If you just want the R code to delete some tweets based on age and likes, here it is (noting that it is based on Chris Albon’s Python script). In this post, I go over a bit of code about what I thought was an interesting problem: given a list of tweets, how can we identify and group threads?

Below, I plot all my tweets over time (x-axis) by the number of “likes” (y-axis) and I highlight in red tweets that are threaded together. Ignore the boxes for now.

Pulling the data using rtweet, you end up with a dataframe that looks something like this (only with many many more rows and columns):

> before_df %>% select(status_id, created_at, screen_name, text, reply_to_status_id)
# A tibble: 510 x 5
   status_id    created_at          screen_name text                           reply_to_status…
   <chr>        <dttm>              <chr>       <chr>                          <chr>           
 1 13167994911… 2020-10-15 17:53:58 mathewkiang "@JosephPalamar Haha — the on… 131679883199713…
 2 13167817880… 2020-10-15 16:43:37 mathewkiang "@khayeswilson Ah \"self-liki… 131678029839121…
 3 13167812579… 2020-10-15 16:41:31 mathewkiang "@khayeswilson AH! This is pe… 131678029839121…
 4 13167755278… 2020-10-15 16:18:44 mathewkiang "I've been coding up a script… NA              
 5 13165350914… 2020-10-15 00:23:20 mathewkiang "https://t.co/7PtlUKWTeU http… NA              
 6 13161332751… 2020-10-13 21:46:40 mathewkiang "Data: Full-time academic job… NA              
 7 13144052234… 2020-10-09 03:20:00 mathewkiang "@simonw Thanks for the info!… 131439639207741…
 8 13143912914… 2020-10-09 02:24:38 mathewkiang "@simonw Does this include da… 131439055526721…
 9 13142896495… 2020-10-08 19:40:45 mathewkiang "Me: This paper has been out … NA              
10 13136475049… 2020-10-07 01:09:06 mathewkiang "@Doc_Courtney If by “passing… 131364337679803…
# … with 500 more rows

To select the tweets you want to delete, it is straight-forward to make a rule like: (1) delete all tweets created more than two years ago with fewer than 100 likes (left-most grey box in the plot) or (2) delete all tweets created more than 90 days ago with fewer than 25 likes (bottom grey box in the plot). You could even create a function where the number of likes must be exponentially higher over time. And obviously, you can create a list of tweets (status_ids) that you want to keep.

However, this assumes all tweets are independent. Things get a bit more complicated if you want to treat sets of tweets with the score of any single tweet in the set. If, for example, you string together a twitter thread, you may want to delete or save the entire thread based only on the first tweet since deleting the “unliked” tweets will break up the thread. Twitter doesn’t provide a column that links threads together through a unified ID.

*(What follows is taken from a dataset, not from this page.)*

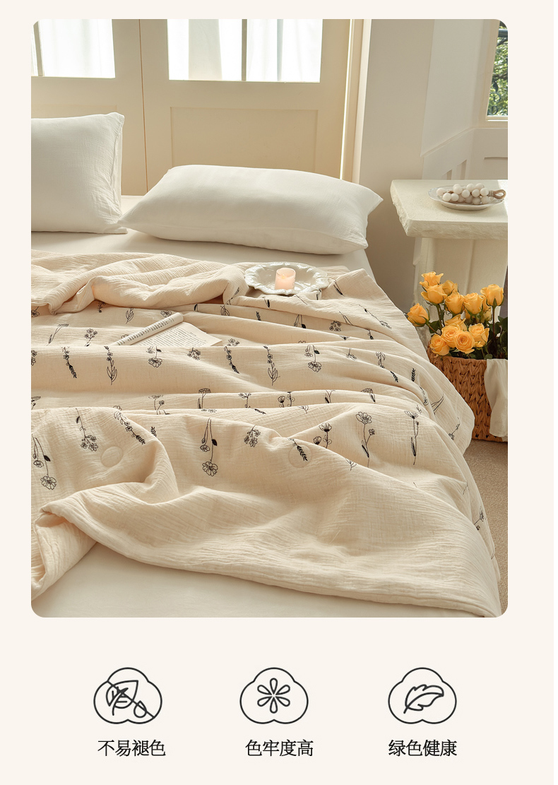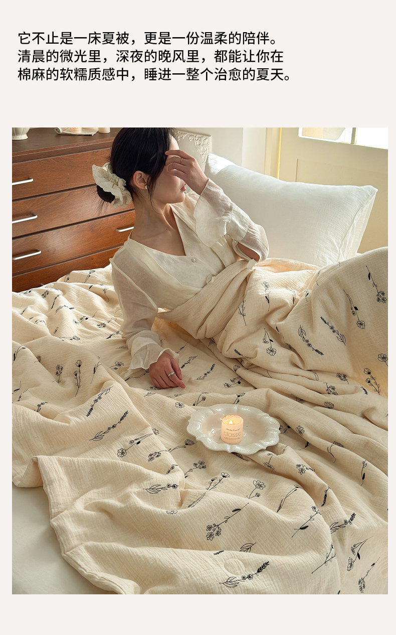 商品名称:木楌家居 2026新款棉麻皱皱纱刺绣款夏被-棉野序章系列 墨绘花影

After chatting with Malcolm Barrett about it for a bit, I realized this is a fairly simple network problem. If you imagine the data frame above, where every row is a tweet, as an edge list between vertex status_id and reply_to_status_id, then you can remove all isolates to get trees of threads (most would just be chains). The key code is here but to sketch out the broad points:

  1. Take before_df and (a) filter out isolates (e.g., non-threaded tweets) by making sure each tweet is referred to by another tweet or refers to another tweet within the data frame and (b) removing comments to other people by removing tweets that start with “@”. Because it’s an edge list, we will rename the columns to “from” and “to” and if there is no terminating vertex (i.e., it’s the first tweet in a thread), we will create a self-loop.
    before_df %>%
            filter(status_id %in% reply_to_status_id | 
                       reply_to_status_id %in% status_id,
                   substr(text, 1, 1) != "@") %>% 
            select(from = status_id, to = reply_to_status_id) %>%
            mutate(to = ifelse(is.na(to), from, to))
  2. Now just convert this edge list into a graph and extract all the components using igraph
    thread_assignments <- thread_df %>%
            graph_from_data_frame(directed = TRUE) %>%
            components()
  3. Now you have a mapping of every threaded tweet ID to a component ID. Below, I just take this mapping and then create a new component ID that is the same as the starting tweet of the thread.
    id_mapping <- thread_df %>%
            select(status_id = from) %>%
            left_join(tibble(
                status_id = names(thread_assignments$membership),
                membership = thread_assignments$membership
            )) %>%
            group_by(membership) %>%
            mutate(new_status_id = min(status_id)) %>%
            ungroup()

That’s it! With this mapping, you can left_join() the original data frame and perform manipulations on the thread as a group of tweets rather than each tweet individually. Anyways, check out the gist to see how I deleted the tweets and implemented this. I just thought it was a nice, clean application of an introductory-level network concept to an applied data cleaning problem.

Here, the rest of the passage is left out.